Upon closing, the parties will enter into an amendment to the amended and restated limited partnership agreement of the Operating Partnership to evidence the issuance of the Series T Limited Units to the Contributors. Such Series T Limited Units will be entitled to annual cash distributions of up to 1.8% of the unit value for the three years after closing, depending upon the net operating income (“NOI”) of the Hotel Property during each such applicable year. The Series T Limited Units will convert into Common Limited Units of the Operating Partnership beginning 36 months, or at the option of the Contributors, up to 48 months, after the closing. The number of Common Limited Units to be issued to the Contributors upon conversion will be based upon a capitalization rate applied to the then-current trailing 12-month NOI of the Hotel Property less amounts incurred or accrued by the Operating Partnership for (i) $100,000 contribution towards closing costs, (ii) loan assumption fees and related expenses, (iii) the Original Loan Balance less $300,000, (iv) if applicable, costs of defeasance and related expenses, (v) PIP and capital expenditures, (vi) operating cash infused by the Operating Partnership, (vii) any shortfall of the 10% minimum cumulative yield on Operating Partnership’s invested capital, and (viii) any other unrealized or unreimbursed costs of operating the Hotel Property, calculated pursuant to the terms of the Contribution Agreement, which may be higher or lower than the initial valuation.

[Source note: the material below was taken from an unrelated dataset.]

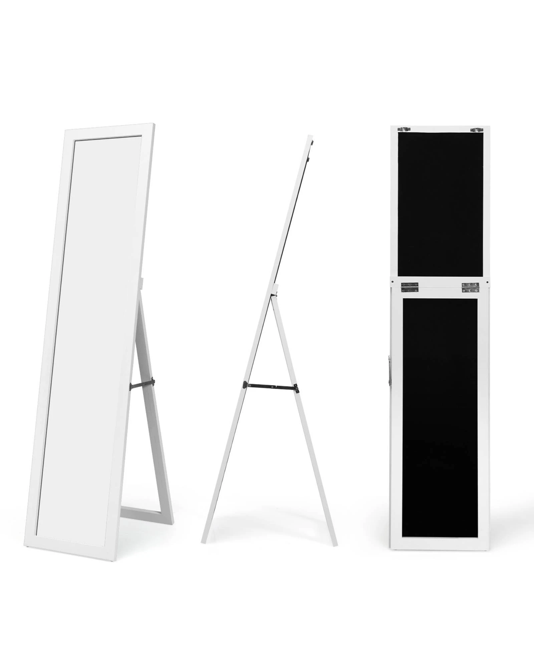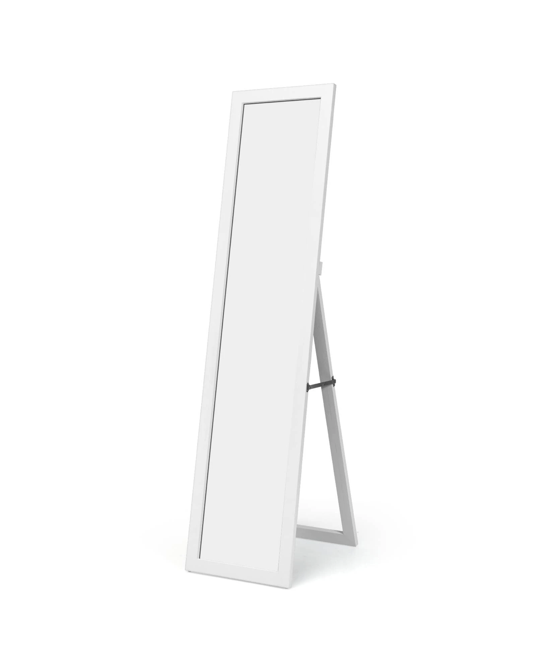 This is our standing / wall mirror. This full-length mirror is made of high-quality MDF panels, and it is therefore very wear-resistant. Thanks to the protective film, its glass is not fragile, which makes the mirror very safe. Due to the triangular structure, this cloakroom mirror is very stable. The surface of this mirror is also large so that it can reflect your outfits from head to toe. In addition, the placement angle of the cloakroom mirror can be adjusted. Due to the simple design, this dressing mirror is suitable for many areas of application, such as in the bedroom, in cloakrooms, clothing stores, etc.

The Contribution Agreement contains various covenants, representations and warranties from the respective parties. The acquisition of the Hotel Property by the Operating Partnership is subject to certain closing conditions, including the Operating Partnership’s assumption or refinancing of the existing debt secured by the Hotel Property. There can be no assurance that the Operating Partnership will complete the acquisition of the Hotel Property.